#### Work instruction
Take the entries below and reproduce exactly the portion that begins at the line containing "The Crossway 1" and ends at the line containing "- Preschool teachers", keeping both ends, dropping pictures, and adding nothing else.

#### Data to process
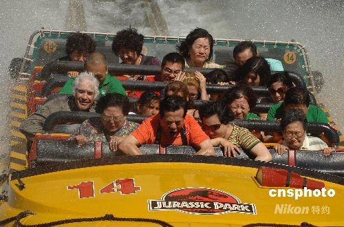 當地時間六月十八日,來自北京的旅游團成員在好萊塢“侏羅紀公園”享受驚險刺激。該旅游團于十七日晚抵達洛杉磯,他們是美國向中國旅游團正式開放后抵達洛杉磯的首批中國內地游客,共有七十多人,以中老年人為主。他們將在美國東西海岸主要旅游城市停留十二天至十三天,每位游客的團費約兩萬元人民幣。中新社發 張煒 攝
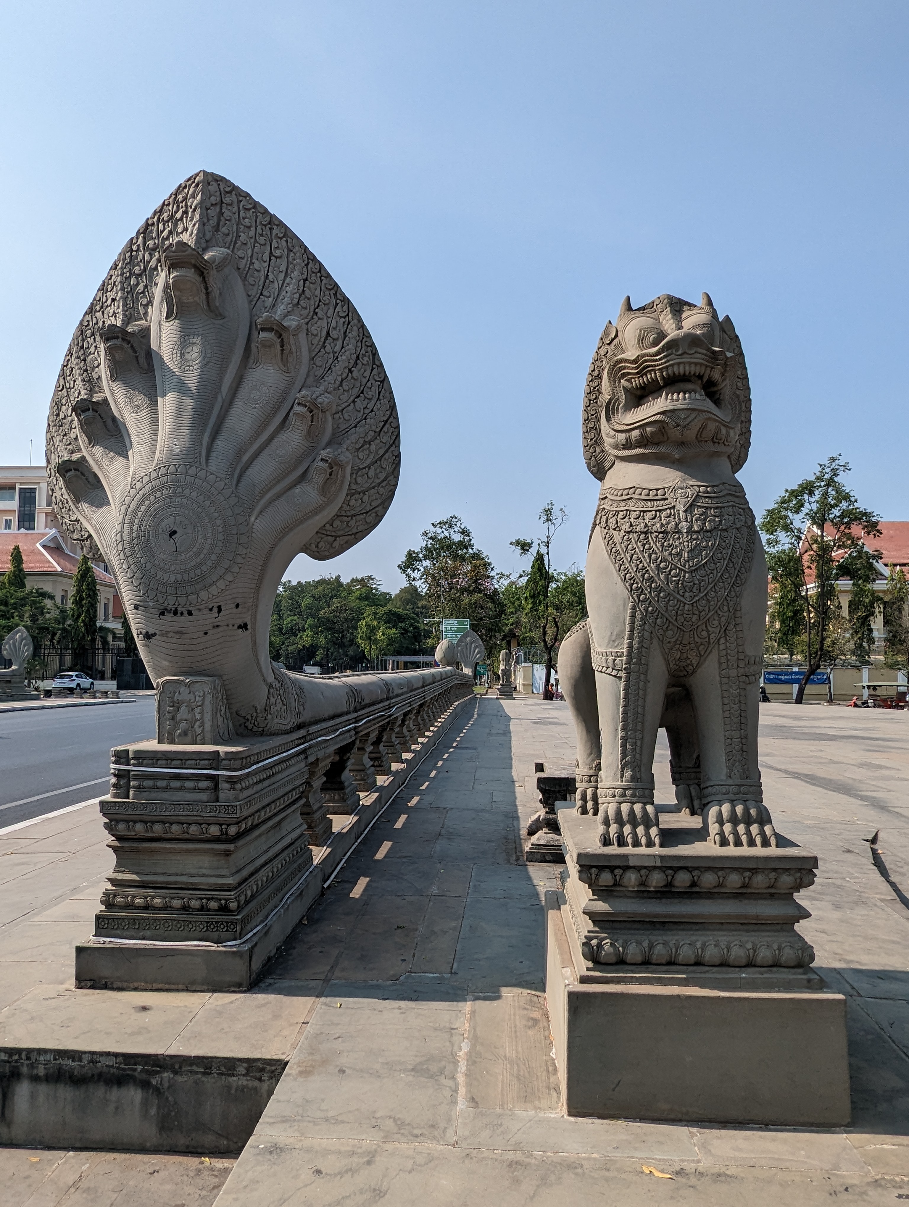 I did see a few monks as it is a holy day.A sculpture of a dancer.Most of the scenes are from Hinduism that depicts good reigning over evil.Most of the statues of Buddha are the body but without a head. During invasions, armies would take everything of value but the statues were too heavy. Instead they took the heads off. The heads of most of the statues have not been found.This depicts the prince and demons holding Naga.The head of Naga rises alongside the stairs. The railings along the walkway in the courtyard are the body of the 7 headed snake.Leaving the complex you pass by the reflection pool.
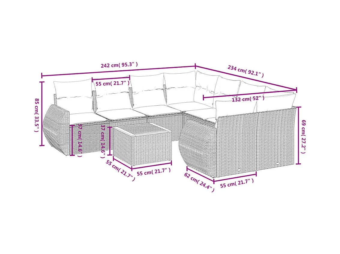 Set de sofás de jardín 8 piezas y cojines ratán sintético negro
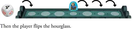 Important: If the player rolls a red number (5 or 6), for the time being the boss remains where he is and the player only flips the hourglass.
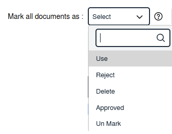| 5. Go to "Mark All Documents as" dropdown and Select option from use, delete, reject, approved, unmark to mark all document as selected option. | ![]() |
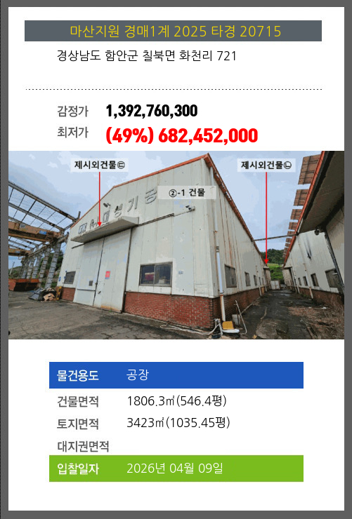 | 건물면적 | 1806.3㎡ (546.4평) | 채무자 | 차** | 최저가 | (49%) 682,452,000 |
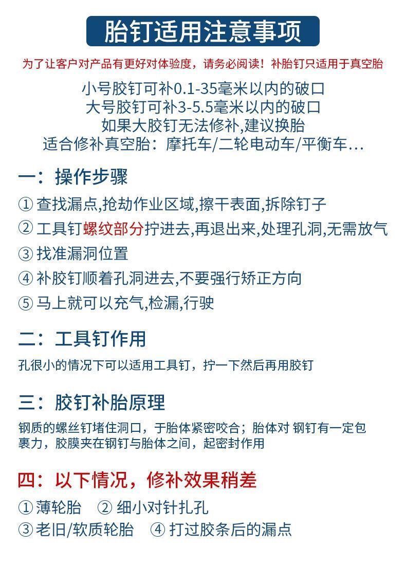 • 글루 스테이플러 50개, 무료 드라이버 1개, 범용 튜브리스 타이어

--

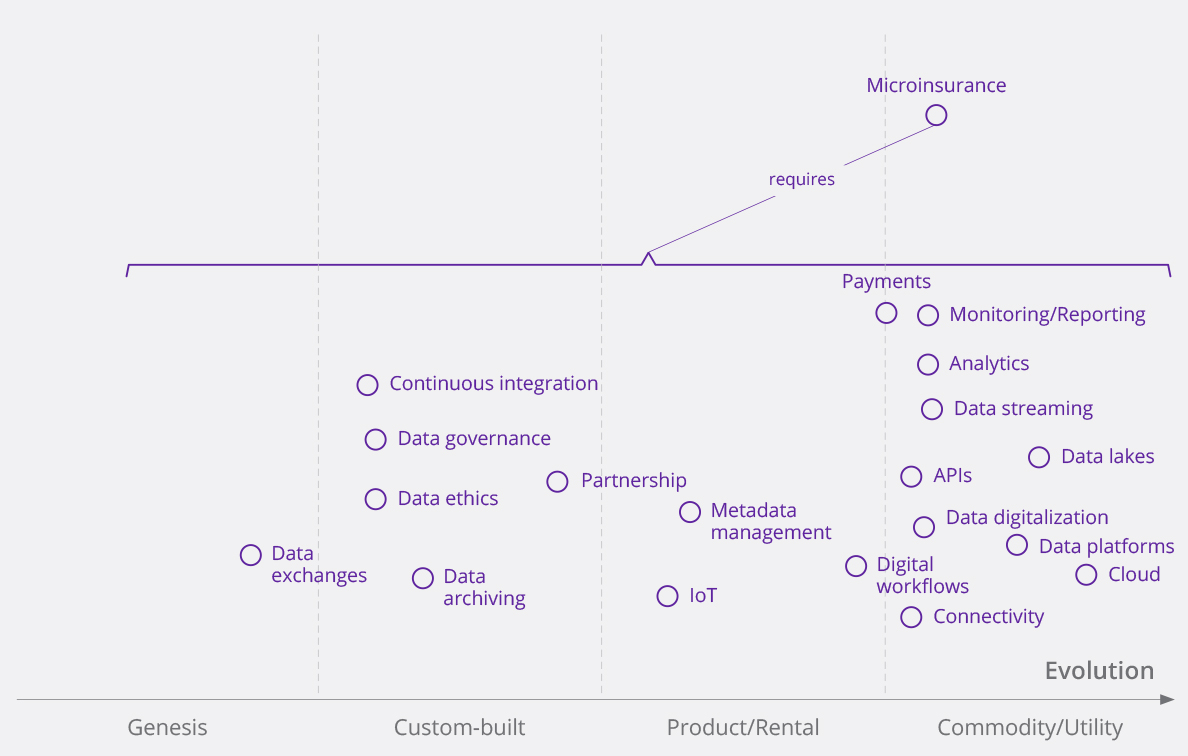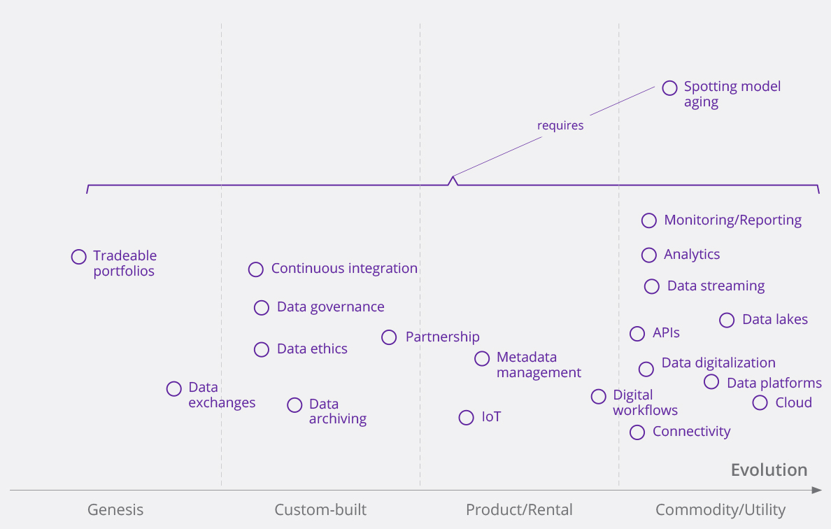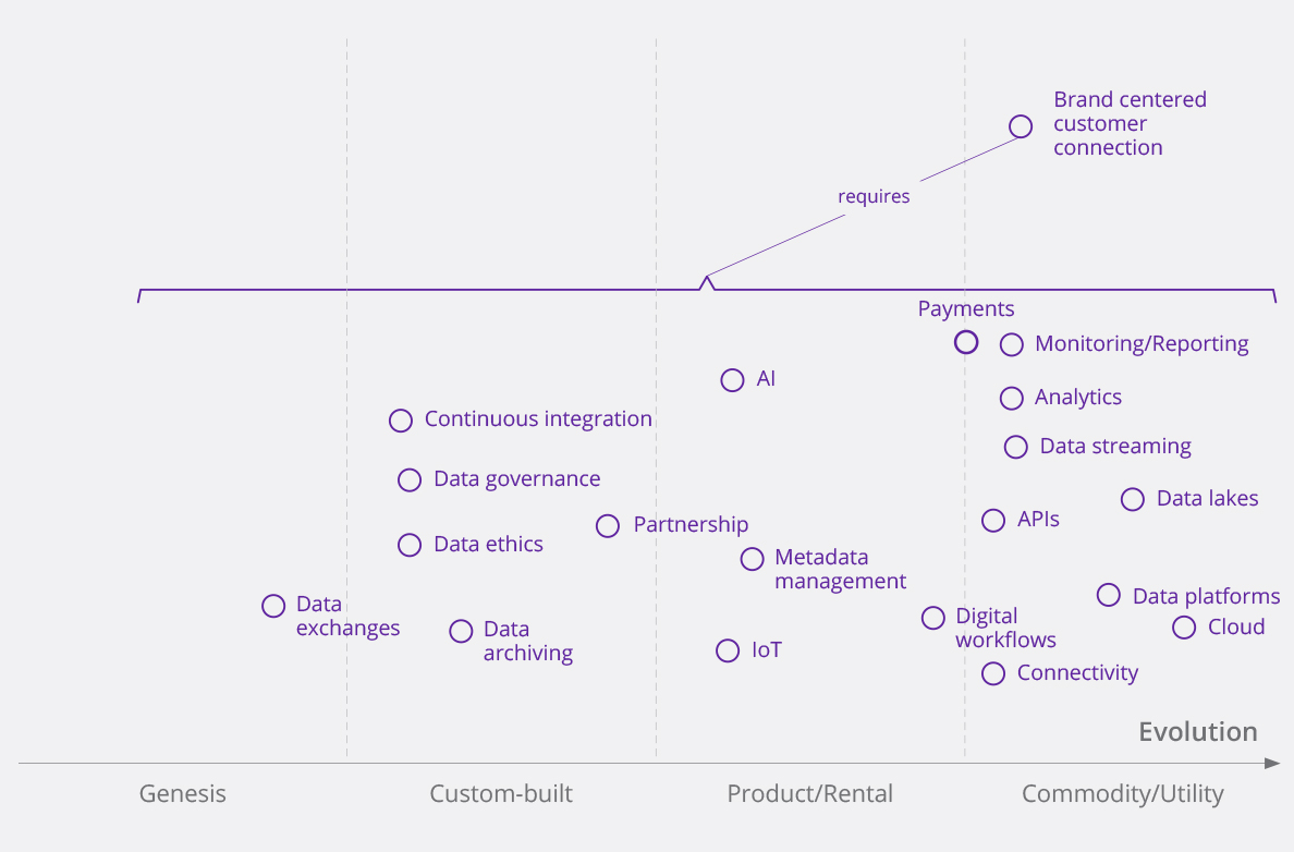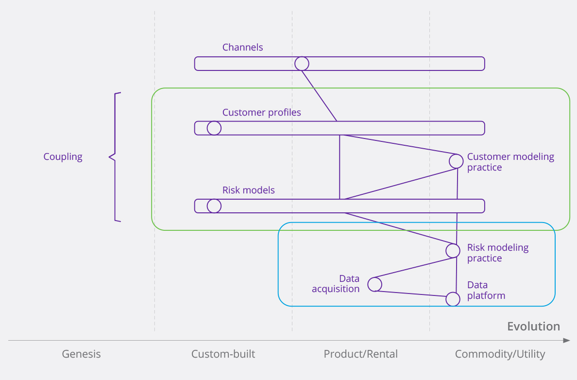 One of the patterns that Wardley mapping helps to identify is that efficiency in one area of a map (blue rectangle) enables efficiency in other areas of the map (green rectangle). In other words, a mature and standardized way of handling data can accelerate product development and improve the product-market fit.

--

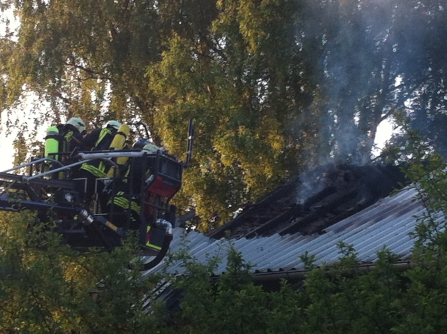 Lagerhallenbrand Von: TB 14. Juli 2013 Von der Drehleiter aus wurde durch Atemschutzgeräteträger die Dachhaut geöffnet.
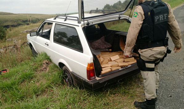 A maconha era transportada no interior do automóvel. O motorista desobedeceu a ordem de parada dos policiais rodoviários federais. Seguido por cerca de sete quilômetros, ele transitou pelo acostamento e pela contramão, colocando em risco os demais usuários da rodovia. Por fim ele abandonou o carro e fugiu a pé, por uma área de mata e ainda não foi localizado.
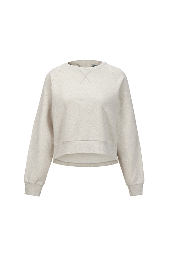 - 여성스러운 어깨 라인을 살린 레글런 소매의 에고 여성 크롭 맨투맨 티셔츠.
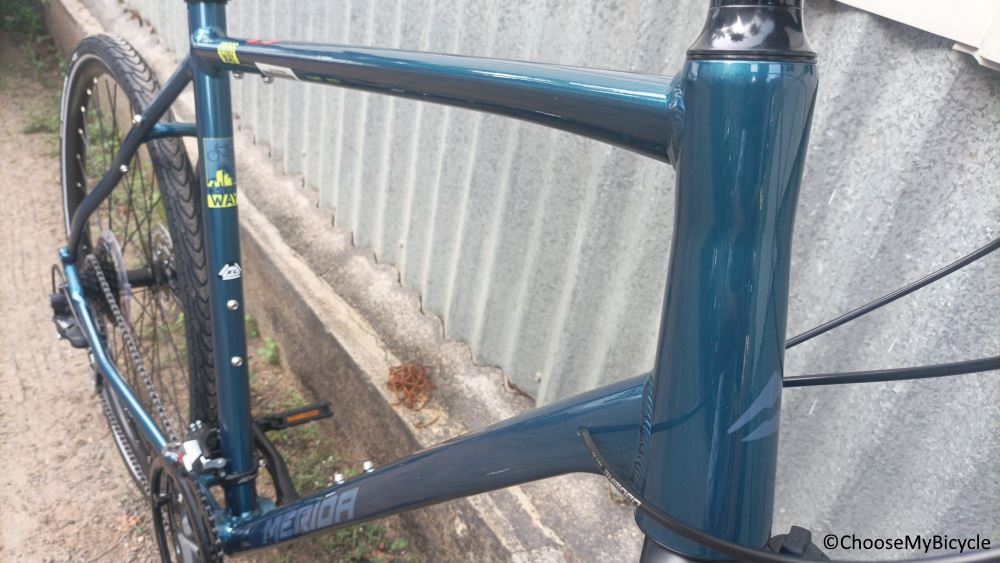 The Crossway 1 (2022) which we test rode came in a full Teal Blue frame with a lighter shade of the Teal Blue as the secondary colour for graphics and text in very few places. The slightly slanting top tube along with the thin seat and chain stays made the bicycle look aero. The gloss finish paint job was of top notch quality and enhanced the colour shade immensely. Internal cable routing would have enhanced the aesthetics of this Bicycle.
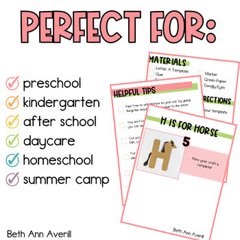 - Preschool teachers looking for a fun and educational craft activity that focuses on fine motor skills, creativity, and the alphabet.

#### Answer
 The Crossway 1 (2022) which we test rode came in a full Teal Blue frame with a lighter shade of the Teal Blue as the secondary colour for graphics and text in very few places. The slightly slanting top tube along with the thin seat and chain stays made the bicycle look aero. The gloss finish paint job was of top notch quality and enhanced the colour shade immensely. Internal cable routing would have enhanced the aesthetics of this Bicycle.
 - Preschool teachers looking for a fun and educational craft activity that focuses on fine motor skills, creativity, and the alphabet.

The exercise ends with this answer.